**Instructions for the task**
Quote only the span from the first line of the entries to the line containing "茂手木 美佳どさんを姓名の画数から五運を鑑定", both ends kept. Leave every picture out.

----- Recorded data -----

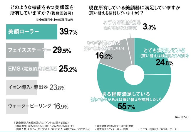 その一方で、美顔器を所有している方のおよそ5人に1人が、効果を実感できていなかったり操作性が悪かったりなどの理由で、所有している美顔器に満足していない実情も明らかになりました。
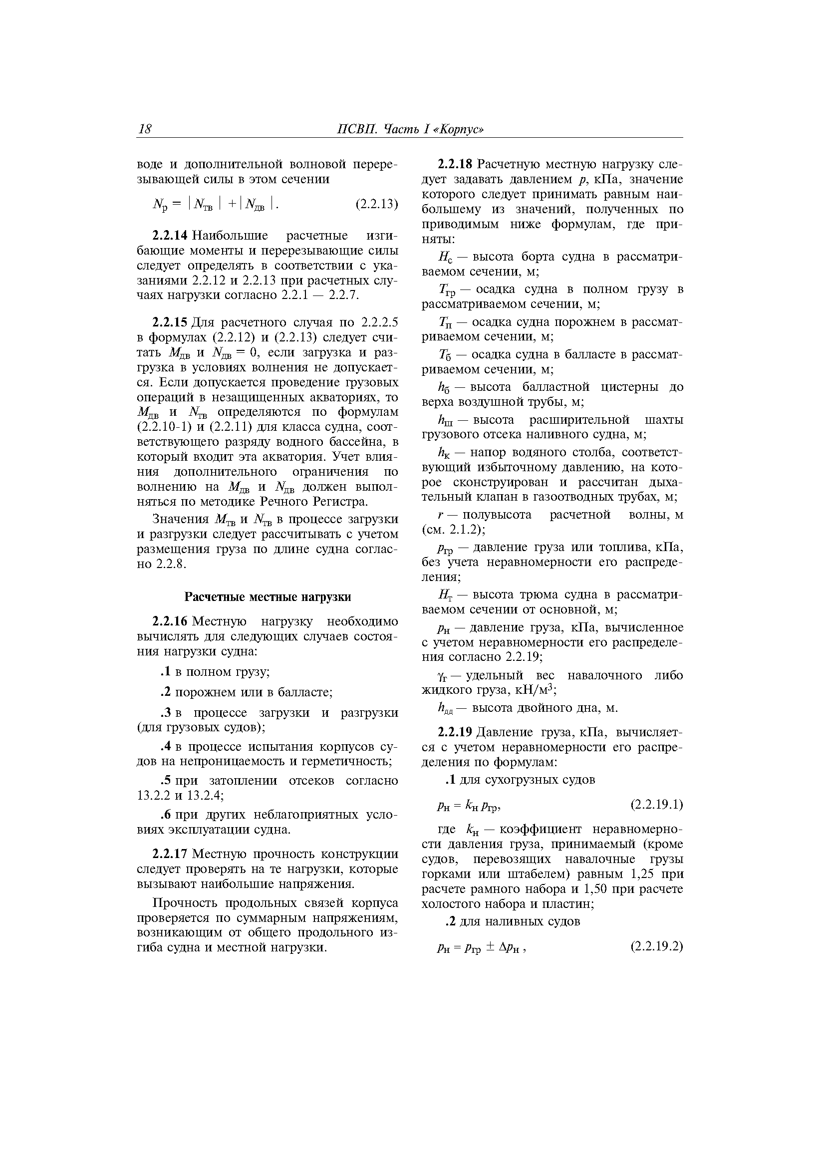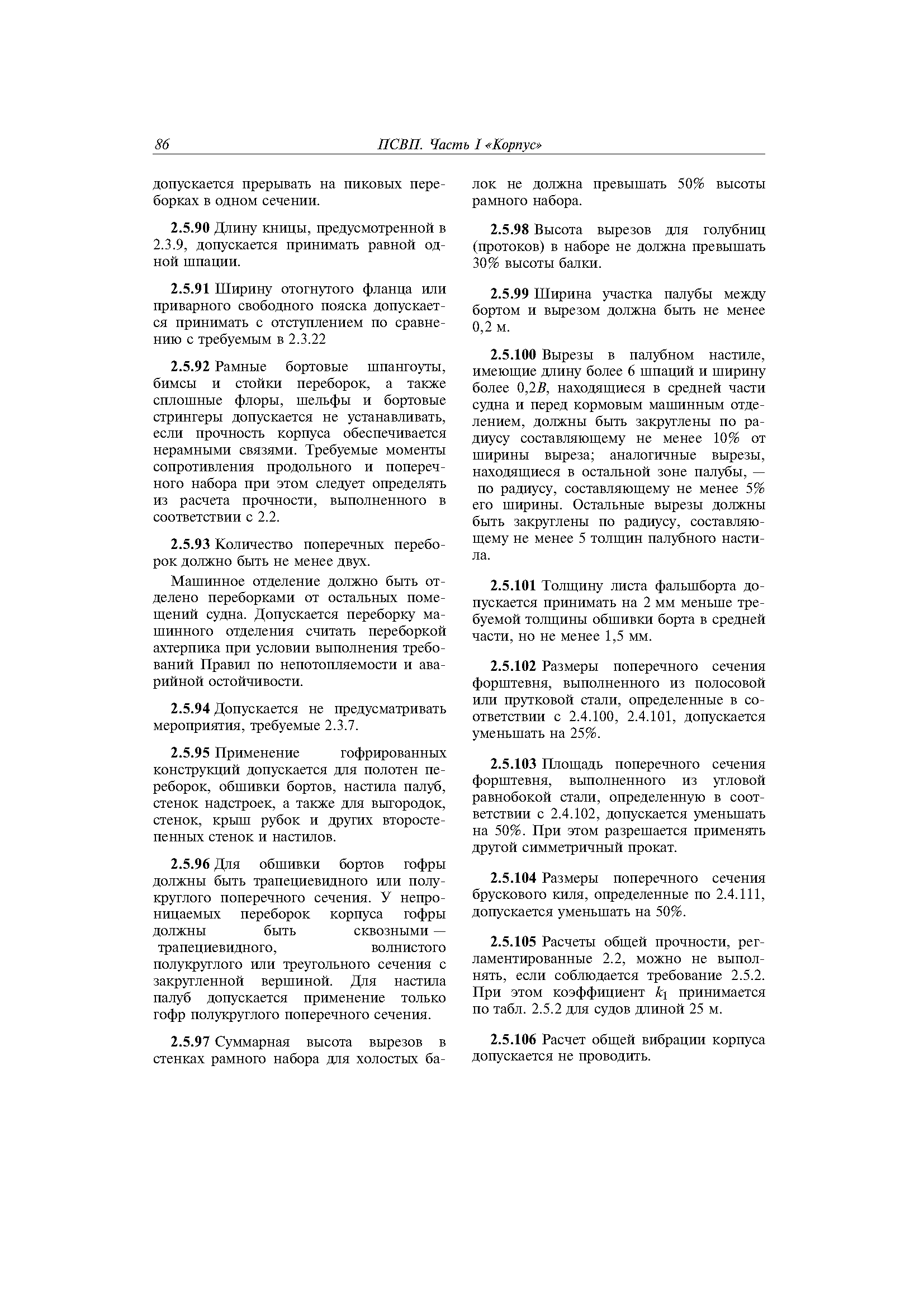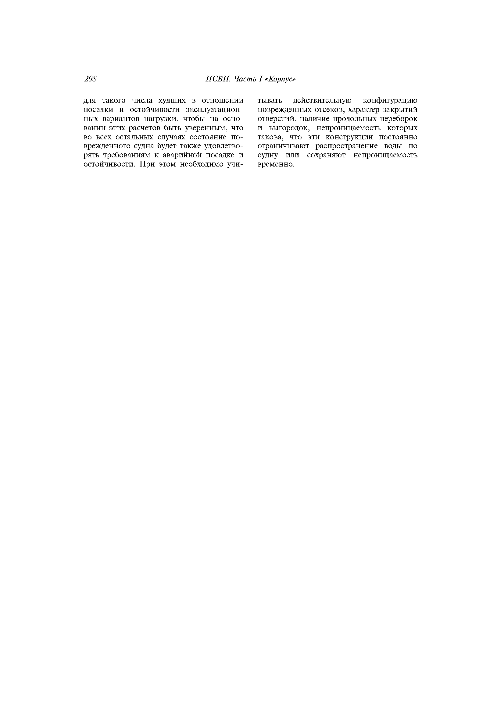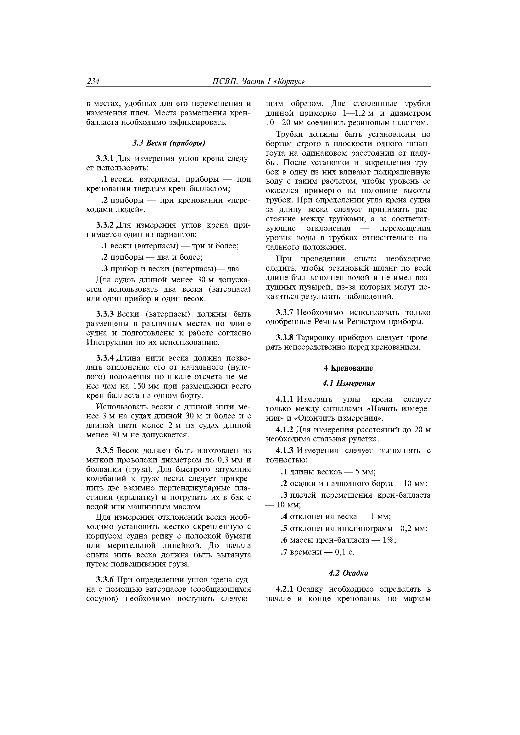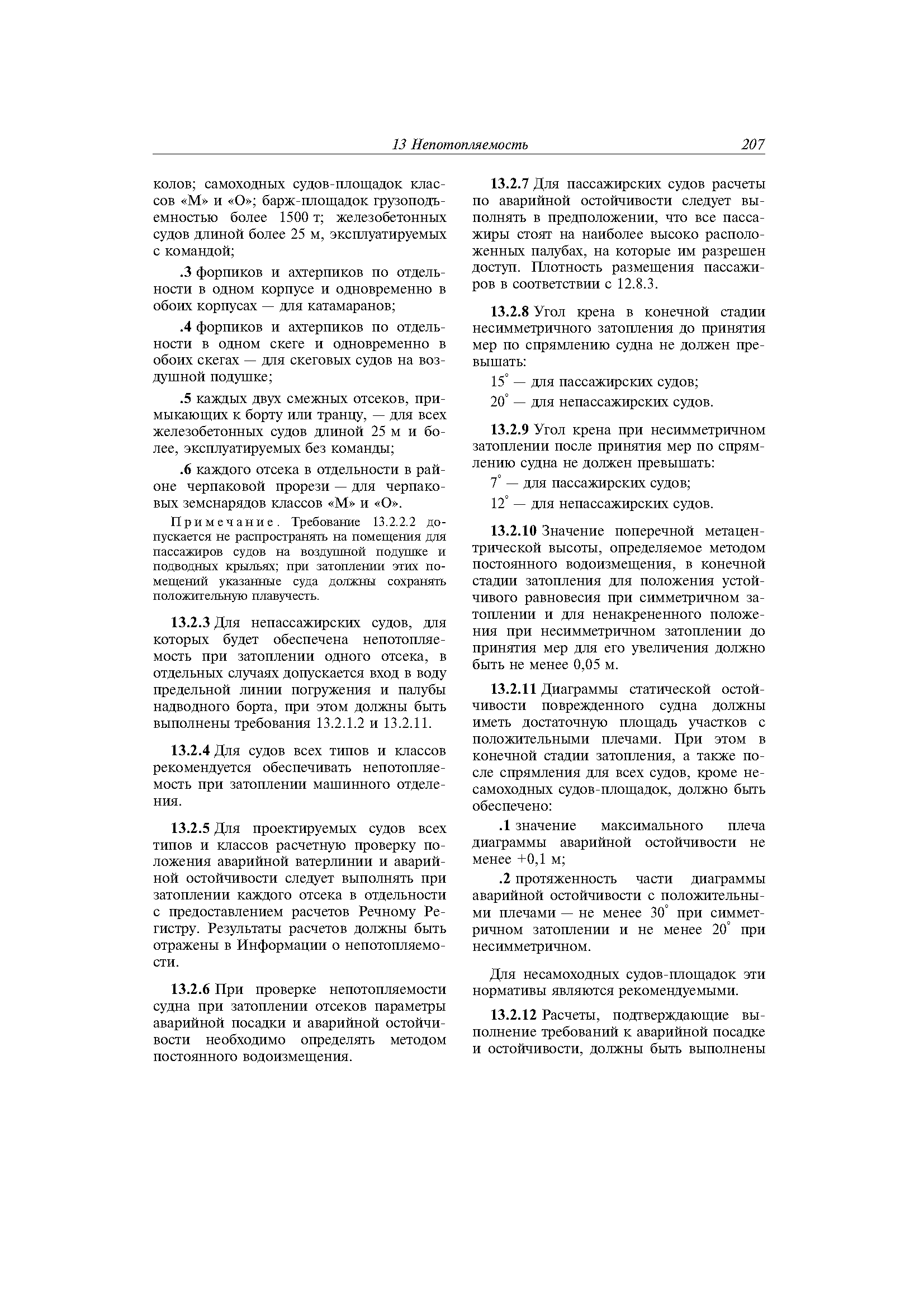Часть I. Корпус (редакция 2002 года)| Статус: | действует | | Название рус.: | Часть I. Корпус (редакция 2002 года) | | Дата добавления в базу: | 01.09.2013 | | Дата актуализации: | 01.01.2021 | | Дата введения: | 31.03.2003 | | Область применения: | Документ распространяется на водоизмещающие однокорпусные суда и катамараны, суда на подводных крыльях и воздушной подушке и включает в себя требования к конструкции корпуса, прочности, остойчивости, непотопляемости, надводному борту и грузовой марке, а также к конструктивной противопожарной защите, оборудованию помещений, защите экипажа и пассажиров. | | Оглавление: | 1 Общие положения 2 Конструкция и прочность стального корпуса 3 Конструкция корпуса водоизмещающих судов из легких сплавов 4 Конструкция корпуса катамарана 5 Конструкция корпуса судов на подводных крыльях 6 Конструкция корпуса судов на воздушной подушке 7 Конструкция железобетонного корпуса 8 Конструкция пластмассового корпуса 9 Конструктивная противопожарная защита 10 Оборудование помещений 11 Ограждения, поручни, переходные мостики, сходные трапы 12 Остойчивость 13 Непотопляемость 14 Надводный борт и грузовая марка Приложения | | Утверждён: | 11.11.2002 Министерство транспорта РФ (Russian Federation Ministry of Transport НС-137-р)
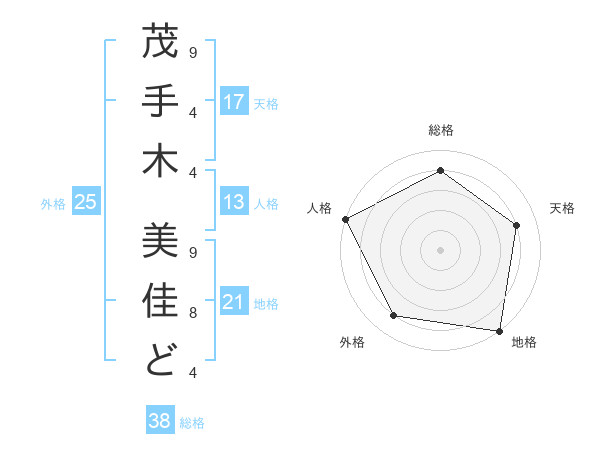 茂手木 美佳どさんを姓名の画数から五運を鑑定
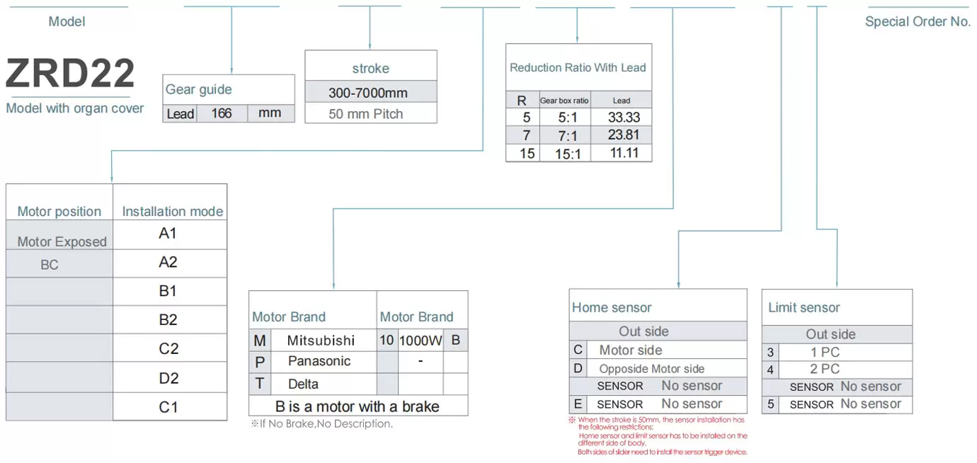 | Kullanım Alanı | Sürüş Modu | Model Özellikleri | Motor Çıkışı (w) | Genişlik (mm) | Tekrarlanabilirlik (mm) | Azaltıcıların oranı | Helisel dişli boyutu (mm) | Maksimum Yük Kapasitesi (kg) | Maksimum hız (mm/s) *1 | |||
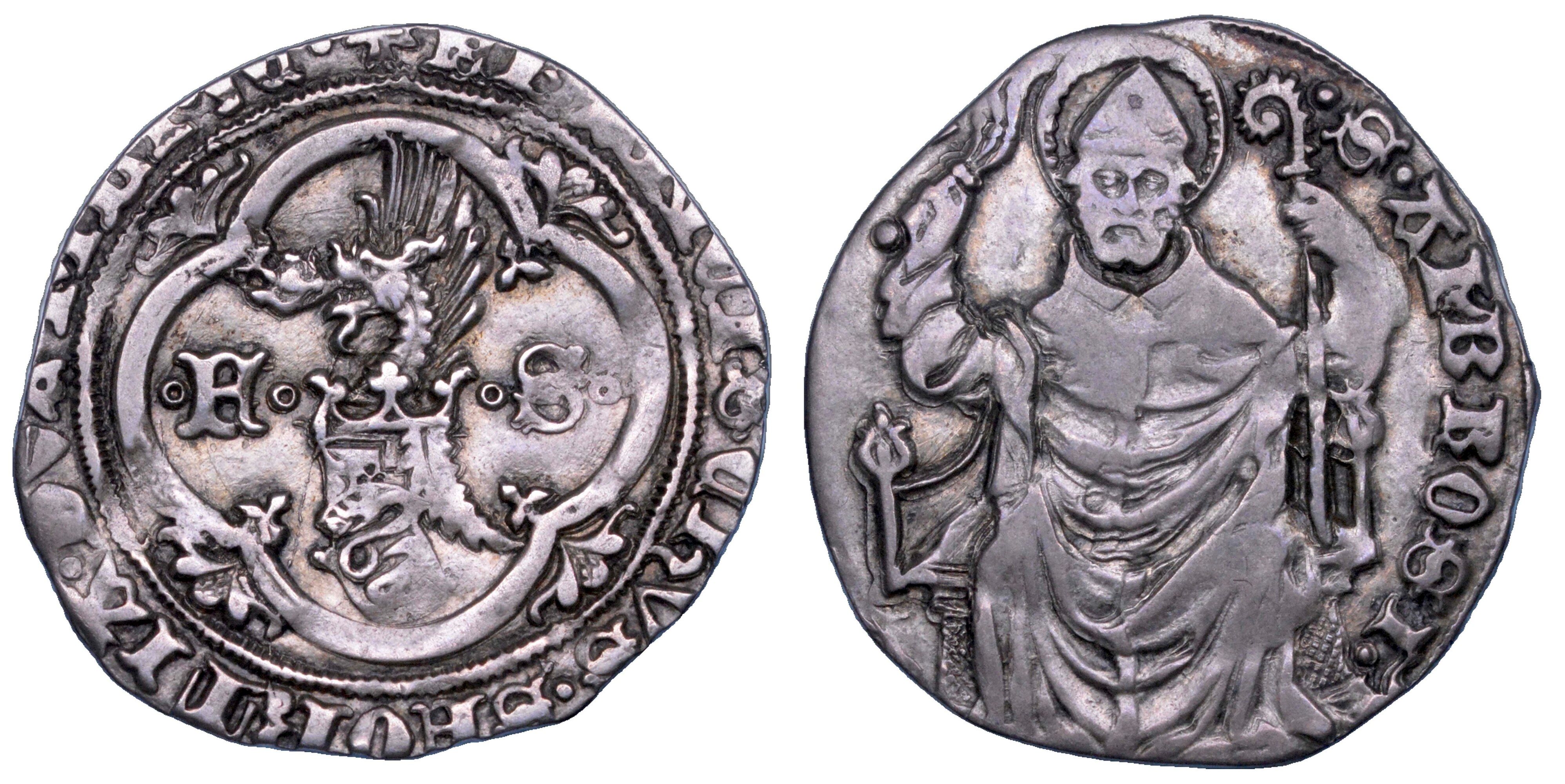+ FRANCISCHVS SFORTIA DVX MLI 3 C. Nel campo, entro cornice quadrilobata ornata di fiori, scudetto con la biscia, sormontato da elmo coronato e cimiero orinato da drago piumato con fanciullo tra le fauci. Ai lati le iniziali F - S. R/ S AMBROSI MEDIOLANI Sant'Ambrogio, mitrato con il nimbo perlato, in cattedra, seduto di prospetto, tiene staffile e pastorale. Crippa 7. MEC 701. MIR 174/1. Molto rara. g. 2,44. Diam. mm. 22,17. Arg. Lieve tosatura. MB/BB
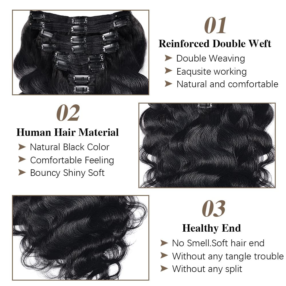 Body Wave Clip In Hair Extensions For Black Women 8Pcs Clip In Human Hair Extensions With 18 Clips Double Weft Natural Color 120g(16inch, Natural Black Body)

-----

**Written response**
 その一方で、美顔器を所有している方のおよそ5人に1人が、効果を実感できていなかったり操作性が悪かったりなどの理由で、所有している美顔器に満足していない実情も明らかになりました。
Часть I. Корпус (редакция 2002 года)| Статус: | действует | | Название рус.: | Часть I. Корпус (редакция 2002 года) | | Дата добавления в базу: | 01.09.2013 | | Дата актуализации: | 01.01.2021 | | Дата введения: | 31.03.2003 | | Область применения: | Документ распространяется на водоизмещающие однокорпусные суда и катамараны, суда на подводных крыльях и воздушной подушке и включает в себя требования к конструкции корпуса, прочности, остойчивости, непотопляемости, надводному борту и грузовой марке, а также к конструктивной противопожарной защите, оборудованию помещений, защите экипажа и пассажиров. | | Оглавление: | 1 Общие положения 2 Конструкция и прочность стального корпуса 3 Конструкция корпуса водоизмещающих судов из легких сплавов 4 Конструкция корпуса катамарана 5 Конструкция корпуса судов на подводных крыльях 6 Конструкция корпуса судов на воздушной подушке 7 Конструкция железобетонного корпуса 8 Конструкция пластмассового корпуса 9 Конструктивная противопожарная защита 10 Оборудование помещений 11 Ограждения, поручни, переходные мостики, сходные трапы 12 Остойчивость 13 Непотопляемость 14 Надводный борт и грузовая марка Приложения | | Утверждён: | 11.11.2002 Министерство транспорта РФ (Russian Federation Ministry of Transport НС-137-р)
 茂手木 美佳どさんを姓名の画数から五運を鑑定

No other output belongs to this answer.